Une vie de château endeuillée et ensoleillée

Une vie de château endeuillée et ensoleillée

La vie de château aborde avec délicatesse les attentats du 13 novembre, le deuil et la résilience dans un cadre royal. Ce roman junior est l’adaptation littéraire du film d’animation éponyme primé au festival d’Annecy en 2019.

En général, ce sont les livres qui sont adaptés au cinéma et non l’inverse. Pour La vie de château, film d’animation primé au festival d’Annecy en 2019, c’est le contraire. Et comme le film d’animation est une pépite qui fait le grand écart sur l’échelle des émotions avec finesse, difficile de ne pas avoir une petite appréhension en ouvrant le roman junior… Va-t-il être à la hauteur ?

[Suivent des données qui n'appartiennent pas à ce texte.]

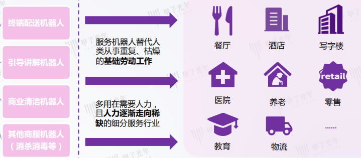 常見的商用場景中,商用服務機器人主要分為終端配送類機器人,商用清潔類機器人,引導講解類機器人等,被廣泛應用在餐廳、酒店、娛樂、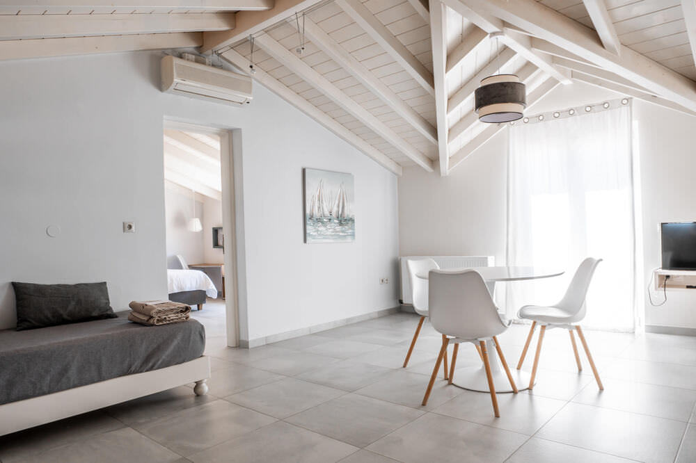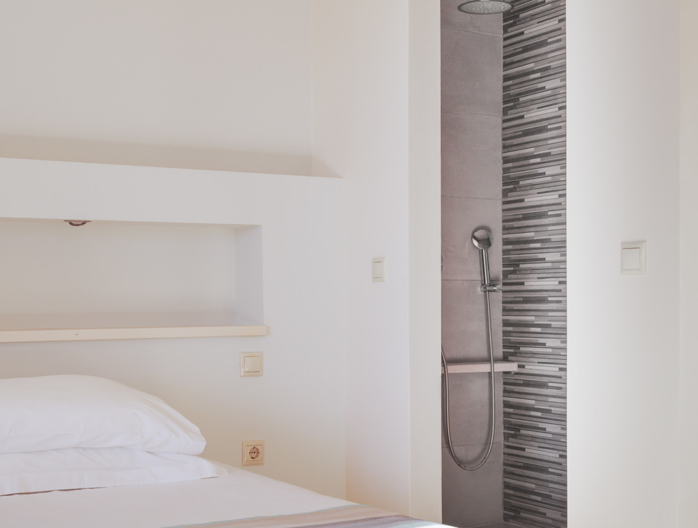 Elegant decorated and featuring a spectacular view on the brilliance of the Ionian Sea, the superior rooms are generously proportioned. The modern bathroom with its rain shower offers a further pleasant comfort.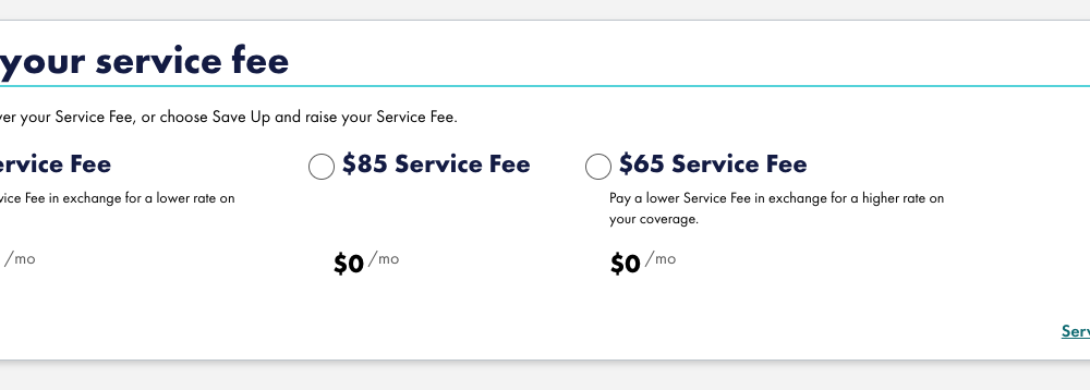 While their plan options are affordable, the two basic coverage options don’t include many covered items, so we gave 2-10 Home Warranty a 7.5. However, 2-10 gives the option to choose your own service fee amount, shown below, which gives you more control over your monthly rate.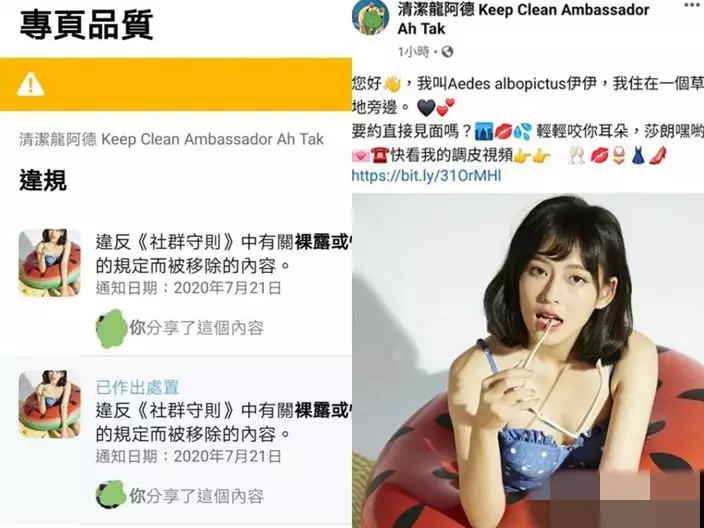 不過帖文似乎「玩大咗」,阿德今日再發文指,帖文已經被Facebook用「違反裸露或性行為規定」移除,變成真「滅蚊」,「係咪有人Report我啊?張相只係我為咗出 Post上網買嘅一張模特兒相,而模特兒係著住泳衣㗎,點解會係『裸露及色情』呀?冤枉啊,我都係想提大家要預防蚊患啫!」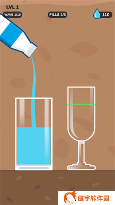 倒水大师游戏玩法攻略轻触操作——点击屏幕左侧,即可将水流引导至左侧的玻璃杯中。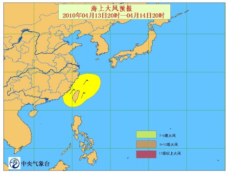 中新網(wǎng)4月13日電 中央氣象臺今日18時繼續(xù)發(fā)布海上大風預報:4月13日下午2時,黃海大部海域出現(xiàn)了6~7級西北風;東海大部海域、臺灣以東洋面出現(xiàn)了6~7級、陣風8~9級的東北風;臺灣海峽出現(xiàn)了7~8級東北風。臺灣海峽能見度不足10公里。其他海域天氣海況條件較好。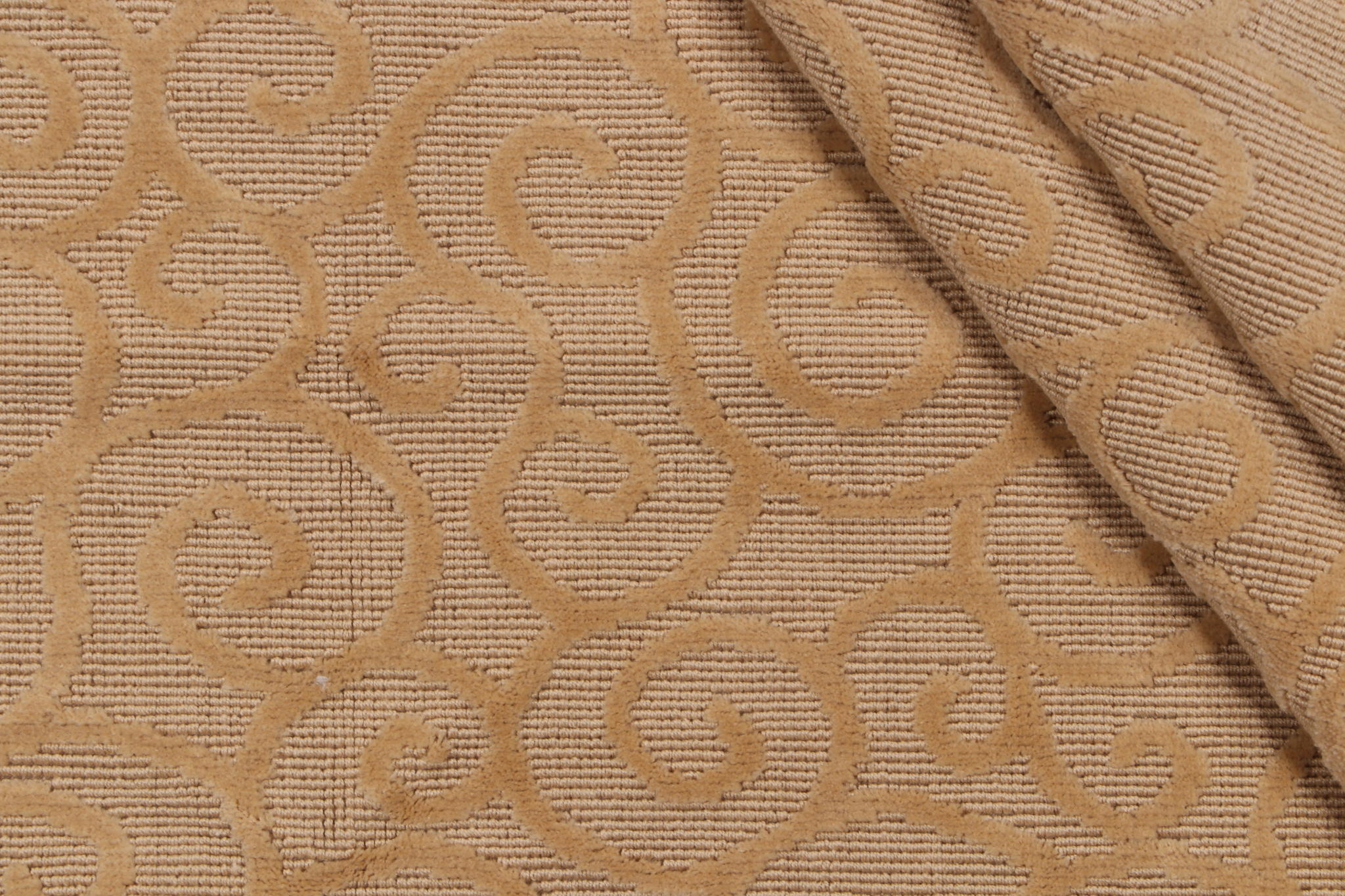 Grey Watkins Arabesque Grospoint Velvet Upholstery Fabric in Honey is a remnant, which is sold as a whole piece.

Une vie de château… vraiment ?

D’abord, ne pas se fier au titre, un tantinet trompeur. Exit les princes et les princesses de ce livre. Violette est une enfant d’aujourd’hui qui assiste à l’enterrement de ses parents, tués dans les attentats du 13 novembre. Pupille de la nation sous la responsabilité de Geneviève, assistante sociale, elle est confiée à son oncle Régis. L’homme bourru et taiseux est régisseur du château de Versailles et vit dans une bicoque perdue dans les jardins royaux. Violette le déteste. En plus, il pue. Il ressemblerait presque à un ogre…

Illustration de La Vie de château (L’école des loisirs)

L’histoire commence, cruelle et sombre, comme le sont souvent les contes. La perte et la peine tétanisent cette famille improvisée et endeuillée, incapable de communiquer. L’obstination de l’une, qui multiplie les fugues pour rentrer chez elle, et la maladresse de l’autre, qui est totalement déboussolé dans son travail, vont pourtant s’estomper, étape par étape, le temps du deuil. Les deux protagonistes vont finir par s’adopter avec l’aide subtil et merveilleux, d’une araignée géante (les tuyaux des bassins), d’une fée avec un plumeau (Olga), d’une souris (qui a le nez fin)…

Une adaptation fidèle et réussie

La vie de château, Clémence Madeleine-Perdrillat et Nathaniel H'Limi, L'école des loisirs, 108 pages, 11 €.
L’école des loisirs, 108 pages, 11 €.

Clémence Madeleine-Perdrillat et Nathaniel H’Limi, les réalisateurs et auteurs, ont su transformer les émotions suggérées par les images mutiques de leur dessin animé, par des mots orchestrés dans un roman choral poignant et joyeux. Certes, entre le film et le livre, très fidèle, l’expérience est différente mais se révèle, pour l’un comme pour l’autre, bouleversante. Car il est question des attentats du 13 novembre, de mort et de deuil. Mais il est aussi question de résilience.

Chamboulé, spectateur comme lecteur n’a pas tellement envie de laisser Violette et Régis. Il aimerait en voir et en lire davantage… ça tombe bien car une suite est prévue aussi bien sur les écrans que dans les pages.